6 ETC and Chemiosmosis

Aerobic Respiration: Electron Transport Chain and Chemiosmosis

1. Introduction to Electron Transport Chain (ETC)

  • The ETC is a critical system located in the inner mitochondrial membrane of eukaryotic cells.

  • Final destination for inhaled oxygen.

  • Facilitates the transfer of electrons from NADH and FADH2 to oxygen (O2) through 4 protein complexes.

2. Function of NADH and FADH2

  • NADH and FADH2 are electron carriers formed in the initial stages of cellular respiration storing the potential energy of glucose.

  • The ETC extracts energy from these carriers to synthesize ATP.

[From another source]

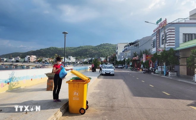 Người dân xã Đảo Nhơn Hải, thành phố Quy Nhơn, tỉnh Bình Định phân loại rác. (Ảnh: Sỹ Thắng/TTXVN)

3. Protein Complexes in the ETC

- List of the 4 Protein Complexes:

  1. Complex I (NADH Dehydrogenase)

  2. Complex II (Succinate Dehydrogenase) - the only single peripheral protein complex.

  3. Complex III (Cytochrome Complex)

  4. Complex IV (Cytochrome Oxidase)

  • Arranged by increasing electronegativity – the tendency to attract electrons.

4. Electron Shuttles

  • Ubiquinone (UQ): A hydrophobic molecule that shuttles electrons between complexes I, II, and III.

  • Cytochrome C (Cyt C): Transports electrons from Complex III to Complex IV.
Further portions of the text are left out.